Common Recruitment Mistakes
Article first published by owner of Business Changing, Zac de Silva.
At the moment, you need to be on the top of your game when it comes to recruitment — competition has never been hotter and to win the best people you need to win the recruitment process. We asked Business Changing client and recruitment veteran Mark Fisher from 84 Recruitment to share the most common mistakes in recruitment so you can avoid them…
The mistake most businesses make is not doing enough due diligence.
They’ll simply interview someone and within half an hour, they’re offering them the golden spot. Or maybe they’ll meet them twice but they’ll skip the references. Your hiring decisions are often the most costly part of the business that we don’t put enough emphasis on — it’s a costly mistake to hire the wrong person, as well as the valuable time wasted on recruiting then on-boarding them. Make sure you include some testing and capability and suitability stuff — role play them, if that works with their role, or set them a task. It’s really important. Personally, our process is probably four or five stages long and it has a lot of testing in it.

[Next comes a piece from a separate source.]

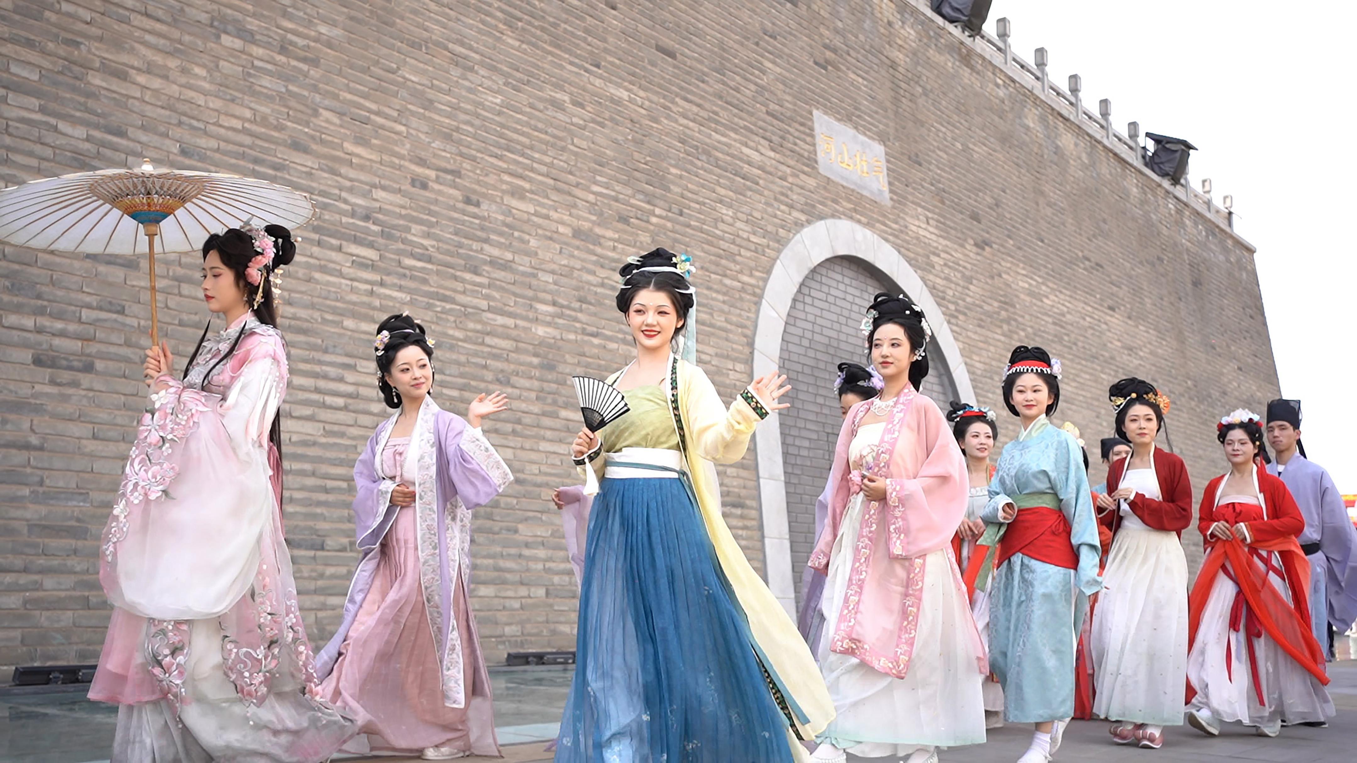 五一假期,延安市金延安景區推出金延安潮音狂歡季與第二屆文化旅遊節,涵蓋30餘項文化和旅遊活動。圖爲漢服巡遊活動現場。 任龍 攝

Don’t sell people into roles.
If you really have to push it to convince them, it’s probably not right. Look for a better fit.
Don’t drag the process out for too long.
You’re either keen or you’re not. For me, a normal recruitment process is somewhere between a week and three weeks. Now, you might be talking to someone for four months, four years before you hire them as you weigh them up for a serious position with your company, and that’s fine. But the recruitment process from when you start and you start talking to someone, don’t muck around. You can get four meetings done within two weeks. Get it done, make a priority. Recruitment meetings should have the same importance as client meetings because a good candidate is going to make you money — or cost you in productivity, if you lose them from mucking around.
We quite often talk to people that just get no communication through the recruitment process.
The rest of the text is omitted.